Kruschke's videos are an excelent introduction to Bayesian Analysis [https://www.youtube.com/watch?v=YyohWpjl6KU](https://www.youtube.com/watch?v=YyohWpjl6KU)!

[Doing Bayesian Data Analysis, Second Edition: A Tutorial with R, JAGS, and Stan](http://www.amazon.com/Doing-Bayesian-Data-Analysis-Second/dp/0124058884/ref=sr_1_1?ie=UTF8&qid=1437688316&sr=8-1&keywords=Kruschke)
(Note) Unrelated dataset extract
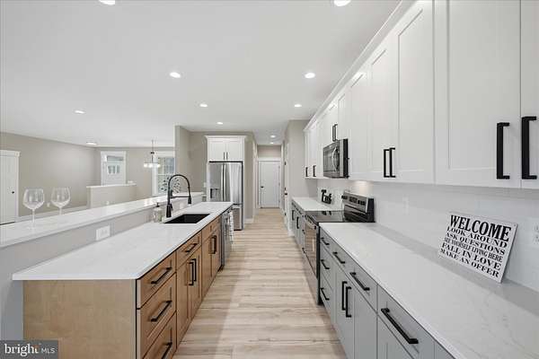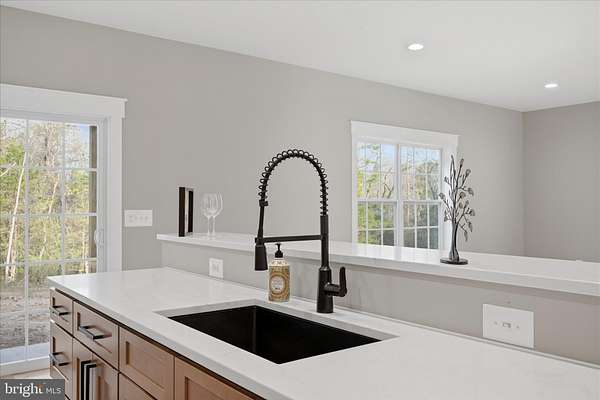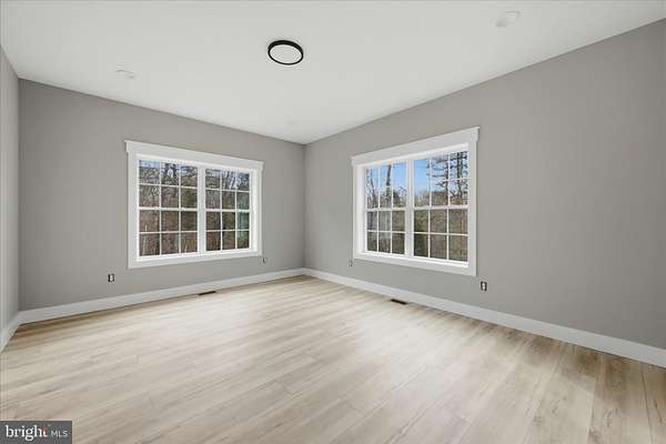 Beautiful new construction home on 2.5 private acres offering one-level living in a peaceful, tree-filled setting. This thoughtfully designed home features an open floor plan with 9-ft ceilings throughout, custom trim work, solid wood doors and luxury vinyl plank flooring throughout the entire home. The spacious kitchen is a standout with quartz countertops, upgraded three-tone cabinetry, a large island, and pantry, perfect for entertaining or everyday living. Flexible space can be used as a formal dining room or home office. All bedrooms are generously sized and include walk-in closets, while the bathrooms also feature quartz countertops for a cohesive, high-end finish. Enjoy the outdoors from the covered front and back porches, surrounded by mature trees and a quiet setting. The insulated, painted, and finished garage includes a 16x8 garage door and adds extra functionality and comfort. A perfect blend of modern finishes, privacy, and convenience-this home is ready to impress.
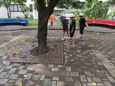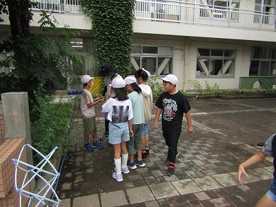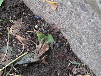 観察用のダンゴムシ集めをしました。プランターや鉢をの裏側にたくさんのダンゴムシを発見しました。

*The Theory That Would Not Die: How Bayes' Rule Cracked the Enigma Code, Hunted Down Russian Submarines, and Emerged Triumphant from Two Centuries of Controversy* by Sharon Bertsch McGrayne

Video series by Rasmus Baath [Part 1](https://www.youtube.com/watch?v=3OJEae7Qb_o&app=desktop), [Part 2](https://www.youtube.com/watch?v=mAUwjSo5TJE), [Part 3](https://www.youtube.com/watch?v=Ie-6H_r7I5A)

---
# Bayes Theorem

$$ P(A|B)=\frac{P(B|A)P(A)}{P(B|A)P(A)+P(B|{A}^{'})P({A}^{'})} $$

Consider the following data from a cancer test:

* 1% of women have breast cancer (and therefore 99% do not).
* 80% of mammograms detect breast cancer when it is there (and therefore 20% miss it).
* 9.6% of mammograms detect breast cancer when it's not there (and therefore 90.4% correctly return a negative result).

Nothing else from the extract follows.